What you need to do -
The full listing, written out exactly and without images, is the expected result.

Available data -

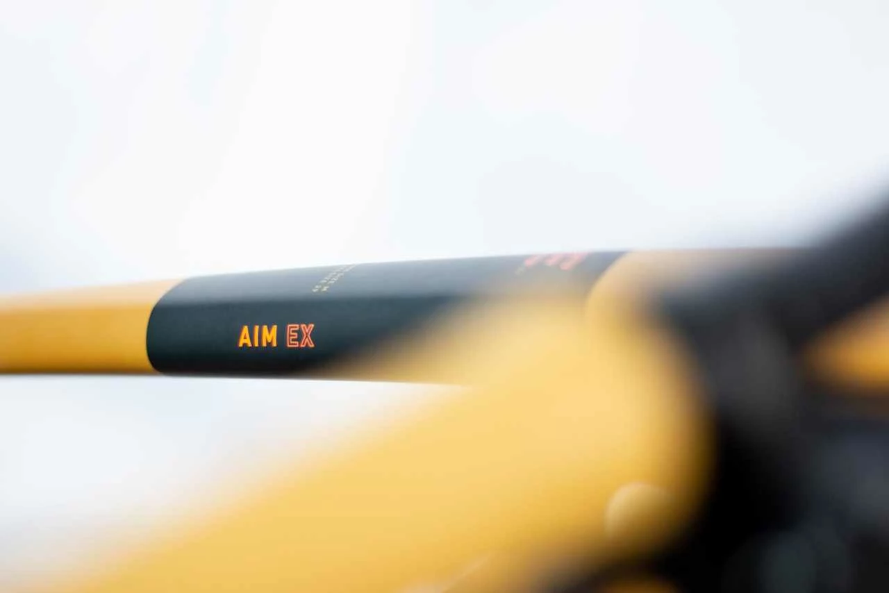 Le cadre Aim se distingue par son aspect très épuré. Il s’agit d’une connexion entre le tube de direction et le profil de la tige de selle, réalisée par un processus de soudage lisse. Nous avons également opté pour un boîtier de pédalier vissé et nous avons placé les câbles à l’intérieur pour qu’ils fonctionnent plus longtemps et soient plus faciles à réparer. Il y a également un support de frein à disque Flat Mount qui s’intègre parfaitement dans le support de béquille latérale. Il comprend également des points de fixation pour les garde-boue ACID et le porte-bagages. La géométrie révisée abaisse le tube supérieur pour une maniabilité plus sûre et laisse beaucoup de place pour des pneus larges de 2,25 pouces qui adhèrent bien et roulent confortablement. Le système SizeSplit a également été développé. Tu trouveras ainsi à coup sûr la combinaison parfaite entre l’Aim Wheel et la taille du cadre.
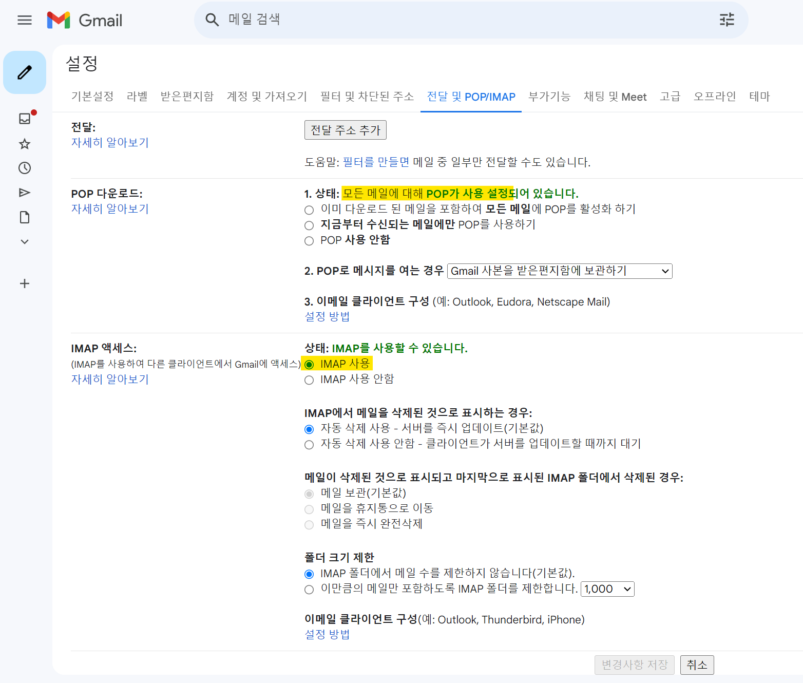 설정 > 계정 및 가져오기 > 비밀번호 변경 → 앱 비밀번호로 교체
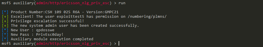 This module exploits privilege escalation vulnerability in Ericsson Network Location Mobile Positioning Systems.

Finished exercise -
 Le cadre Aim se distingue par son aspect très épuré. Il s’agit d’une connexion entre le tube de direction et le profil de la tige de selle, réalisée par un processus de soudage lisse. Nous avons également opté pour un boîtier de pédalier vissé et nous avons placé les câbles à l’intérieur pour qu’ils fonctionnent plus longtemps et soient plus faciles à réparer. Il y a également un support de frein à disque Flat Mount qui s’intègre parfaitement dans le support de béquille latérale. Il comprend également des points de fixation pour les garde-boue ACID et le porte-bagages. La géométrie révisée abaisse le tube supérieur pour une maniabilité plus sûre et laisse beaucoup de place pour des pneus larges de 2,25 pouces qui adhèrent bien et roulent confortablement. Le système SizeSplit a également été développé. Tu trouveras ainsi à coup sûr la combinaison parfaite entre l’Aim Wheel et la taille du cadre.
 설정 > 계정 및 가져오기 > 비밀번호 변경 → 앱 비밀번호로 교체
 This module exploits privilege escalation vulnerability in Ericsson Network Location Mobile Positioning Systems.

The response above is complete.